**ASSIGNMENT**
Look through the records below for the line with "208 mm / 8.2’’ |". Return that line and each one after it up to and including the line with "Oak: Solid wood", exactly.

**EXTRACTED RECORDS**
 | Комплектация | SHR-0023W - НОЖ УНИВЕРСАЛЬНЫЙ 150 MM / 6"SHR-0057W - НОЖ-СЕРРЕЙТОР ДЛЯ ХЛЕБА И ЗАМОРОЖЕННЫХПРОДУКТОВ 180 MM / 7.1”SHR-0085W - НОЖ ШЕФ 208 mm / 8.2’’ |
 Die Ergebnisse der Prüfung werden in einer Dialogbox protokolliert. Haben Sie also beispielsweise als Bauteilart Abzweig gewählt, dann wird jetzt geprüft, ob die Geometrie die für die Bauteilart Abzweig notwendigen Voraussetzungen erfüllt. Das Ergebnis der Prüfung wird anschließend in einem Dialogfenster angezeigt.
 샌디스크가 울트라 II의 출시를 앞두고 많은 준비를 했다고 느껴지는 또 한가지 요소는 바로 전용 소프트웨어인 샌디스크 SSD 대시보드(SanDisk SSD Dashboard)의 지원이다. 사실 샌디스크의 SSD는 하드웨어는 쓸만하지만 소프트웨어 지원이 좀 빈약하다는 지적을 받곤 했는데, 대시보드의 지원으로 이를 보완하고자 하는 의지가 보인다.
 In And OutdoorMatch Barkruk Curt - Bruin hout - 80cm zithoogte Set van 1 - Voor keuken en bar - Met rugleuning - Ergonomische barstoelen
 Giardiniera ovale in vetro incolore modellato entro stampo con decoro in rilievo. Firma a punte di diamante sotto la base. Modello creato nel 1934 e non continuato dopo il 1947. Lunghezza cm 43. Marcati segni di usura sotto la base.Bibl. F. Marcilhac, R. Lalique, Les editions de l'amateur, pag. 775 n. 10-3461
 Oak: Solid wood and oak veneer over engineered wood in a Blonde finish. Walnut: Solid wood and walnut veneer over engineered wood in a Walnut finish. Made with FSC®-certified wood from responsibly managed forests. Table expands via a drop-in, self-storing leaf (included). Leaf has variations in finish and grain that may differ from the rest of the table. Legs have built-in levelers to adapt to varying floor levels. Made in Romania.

...

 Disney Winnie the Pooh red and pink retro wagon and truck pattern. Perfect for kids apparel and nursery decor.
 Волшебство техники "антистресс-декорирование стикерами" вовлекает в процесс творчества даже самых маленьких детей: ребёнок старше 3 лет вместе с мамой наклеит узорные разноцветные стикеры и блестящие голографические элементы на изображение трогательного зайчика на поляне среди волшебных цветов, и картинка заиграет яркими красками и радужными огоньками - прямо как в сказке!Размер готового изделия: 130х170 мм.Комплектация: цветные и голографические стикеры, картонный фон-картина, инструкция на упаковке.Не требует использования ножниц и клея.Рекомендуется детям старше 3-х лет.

**SOLUTION TO THE EXERCISE**
 | Комплектация | SHR-0023W - НОЖ УНИВЕРСАЛЬНЫЙ 150 MM / 6"SHR-0057W - НОЖ-СЕРРЕЙТОР ДЛЯ ХЛЕБА И ЗАМОРОЖЕННЫХПРОДУКТОВ 180 MM / 7.1”SHR-0085W - НОЖ ШЕФ 208 mm / 8.2’’ |
 Die Ergebnisse der Prüfung werden in einer Dialogbox protokolliert. Haben Sie also beispielsweise als Bauteilart Abzweig gewählt, dann wird jetzt geprüft, ob die Geometrie die für die Bauteilart Abzweig notwendigen Voraussetzungen erfüllt. Das Ergebnis der Prüfung wird anschließend in einem Dialogfenster angezeigt.
 샌디스크가 울트라 II의 출시를 앞두고 많은 준비를 했다고 느껴지는 또 한가지 요소는 바로 전용 소프트웨어인 샌디스크 SSD 대시보드(SanDisk SSD Dashboard)의 지원이다. 사실 샌디스크의 SSD는 하드웨어는 쓸만하지만 소프트웨어 지원이 좀 빈약하다는 지적을 받곤 했는데, 대시보드의 지원으로 이를 보완하고자 하는 의지가 보인다.
 In And OutdoorMatch Barkruk Curt - Bruin hout - 80cm zithoogte Set van 1 - Voor keuken en bar - Met rugleuning - Ergonomische barstoelen
 Giardiniera ovale in vetro incolore modellato entro stampo con decoro in rilievo. Firma a punte di diamante sotto la base. Modello creato nel 1934 e non continuato dopo il 1947. Lunghezza cm 43. Marcati segni di usura sotto la base.Bibl. F. Marcilhac, R. Lalique, Les editions de l'amateur, pag. 775 n. 10-3461
 Oak: Solid wood and oak veneer over engineered wood in a Blonde finish. Walnut: Solid wood and walnut veneer over engineered wood in a Walnut finish. Made with FSC®-certified wood from responsibly managed forests. Table expands via a drop-in, self-storing leaf (included). Leaf has variations in finish and grain that may differ from the rest of the table. Legs have built-in levelers to adapt to varying floor levels. Made in Romania.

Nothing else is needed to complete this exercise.